Source date 2020.02.11.07.03.16 shuts down cleanly, 2020.02.13.00.42.59 panics.

>How-To-Repeat:

>Fix:

>Release-Note:

>Audit-Trail:
From: "John D. Baker" <jdbaker@consolidated.net>
To: gnats-bugs@NetBSD.org
Cc: 
Subject: Re: kern/54963: UHCI panic on shutdown
Date: Fri, 14 Feb 2020 09:33:16 -0600 (CST)

 I've seen this too.

 While collecting data for kern/52440, I booted a test system with my
 live-USB flash drive (9.99.46 from 202002130200Z).  Upon rebooting, the
 machine panicked with:

 reboot: rebooted by root
 [ 147.4887060] syncing disks... done
 [ 147.5210129] cd0: detached
 [ 147.5584525] atapibus0: detached
 [ 147.5887468] atabus1: detached
 [ 147.6312528] atabus0: detached
 [ 147.6587763] makphy0: detached
 [ 147.6987924] msk0: detached
 [ 147.7288127] atabus3: detached
 [ 147.7688234] atabus2: detached
 [ 147.8049328] uhub6: detached
 [ 147.8382125] Skipping crash dump on recursive panic
 [ 147.8954128] panic: kernel diagnostic assertion "sc->sc_intr_xfer == NULL" failed: file "/x/current/src/sys/dev/usb/uhci.c", line 3928 
 [ 148.0399730] cpu0: Begin traceback...
 [ 148.0826129] vpanic() at netbsd:vpanic+0x178
 [ 148.1304527] kern_assert() at netbsd:kern_assert+0x48
 [ 148.1897324] uhci_root_intr_close() at netbsd:uhci_root_intr_close+0x96
 [ 148.2698124] usbd_close_pipe() at netbsd:usbd_close_pipe+0xca
 [ 148.3301332] uhub_detach() at netbsd:uhub_detach+0xa8
 [ 148.3894123] config_detach() at netbsd:config_detach+0xe5
 [ 148.4601319] config_detach_all() at netbsd:config_detach_all+0x97
 [ 148.5298127] cpu_reboot() at netbsd:cpu_reboot+0x18f
 [ 148.5901326] sys_reboot() at netbsd:sys_reboot
 [ 148.6400525] sys_reboot() at netbsd:sys_reboot+0x75
 [ 148.6993331] syscall() at netbsd:syscall+0x299
 [ 148.7492532] --- syscall (number 208) ---
 [ 148.7981326] 7d651d24317a:
 [ 148.8293325] cpu0: End traceback...
 [ 148.8698927] fatal breakpoint trap in supervisor mode
 [ 148.9291720] trap type 1 code 0 rip 0xffffffff8021f55d cs 0x8 rflags 0x202 cr2 0x75e474c075b8 ilevel 0 rsp 0xffffc380c1197cd0
 [ 149.0633322] curlwp 0xffff925692009a40 pid 11.1 lowest kstack 0xffffc380c11942c0
 Stopped in pid 11.1 (reboot) at netbsd:breakpoint+0x5:  leave
 db{0}>

 It didn't unmount the USB flash drive (sd0a) and it doesn't appear to
 have been detached before the panic, so the file system wasn't clean.

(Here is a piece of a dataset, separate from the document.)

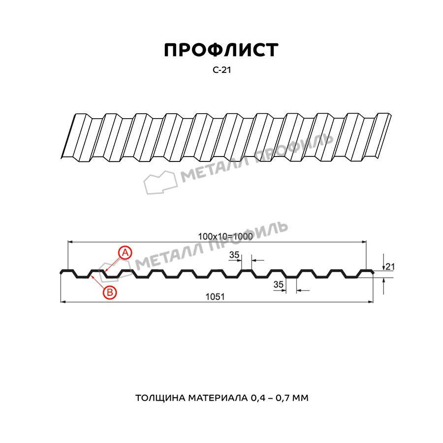 Профнастил с пометкой С-21 означает, что это «стеновой» вариант с высотой волны 21 мм. На самом деле, С-21 является универсальным металлопрокатом, который применяется не только для фасадов. Он будет уместен как для обшивки стен, так и для монтажа кровли, возведения заборов. С успехом С-21 находит применение при создании складских помещений, быстровозводимых зданий, торговых павильонов, а также в качестве элемента сэндвич-панелей. С-21 станет прекрасным выбором в качестве стройматериала для Профилированного листа. Для этого он обладает хорошей несущей способностью. Расположенные на небольшом расстоянии друг от друга трапециевидные волны придают ему необходимую жёсткость. А симметричный рельеф гофры, одинаковый с обеих сторон, придаёт Профилированному листу гармоничный облик. В зависимости от назначения, мы изготовим профиль С-21 в различной толщине металла от 0,4 до 0,7 мм. Для повышения срока эксплуатации и внешней привлекательности, профлист изготавливается в полимерных покрытиях различных цветов и фактур, включая покрытия под кирпич, дерево, камень.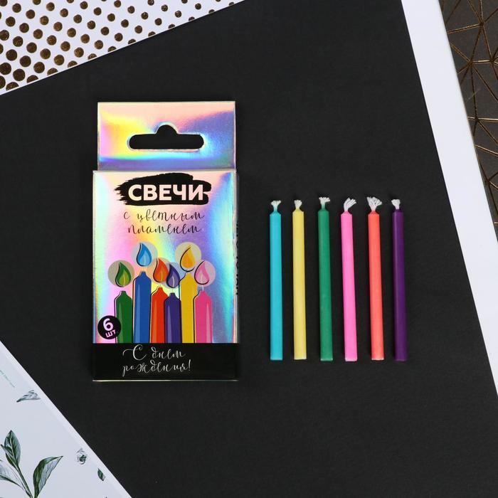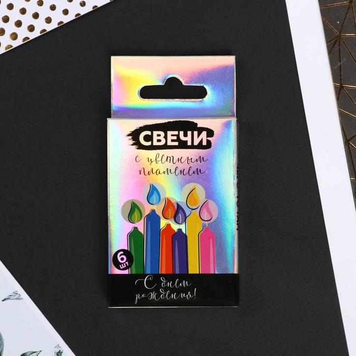 Набор свечей с цветным пламенем в коробке " С Днем рождения", 6 шт , 4 х 12 см

 Seems to happen only if a umass device is mounted.  Following operation
 on unmounted umass (fsck), rebooting goes normally.

 -- 
 |/"\ John D. Baker, KN5UKS               NetBSD     Darwin/MacOS X
 |\ / jdbaker[snail]consolidated[flyspeck]net  OpenBSD            FreeBSD
 | X  No HTML/proprietary data in email.   BSD just sits there and works!
 |/ \ GPGkeyID:  D703 4A7E 479F 63F8 D3F4  BD99 9572 8F23 E4AD 1645

From: "Taylor R Campbell" <riastradh@netbsd.org>
To: gnats-bugs@gnats.NetBSD.org
Cc: 
Subject: PR/54963 CVS commit: src/sys/dev/usb
Date: Fri, 14 Feb 2020 16:47:11 +0000

 Module Name:	src
 Committed By:	riastradh
 Date:		Fri Feb 14 16:47:11 UTC 2020

 Modified Files:
 	src/sys/dev/usb: uhci.c

 Log Message:
 Initialize xfer->ux_status in uhci_root_intr_start.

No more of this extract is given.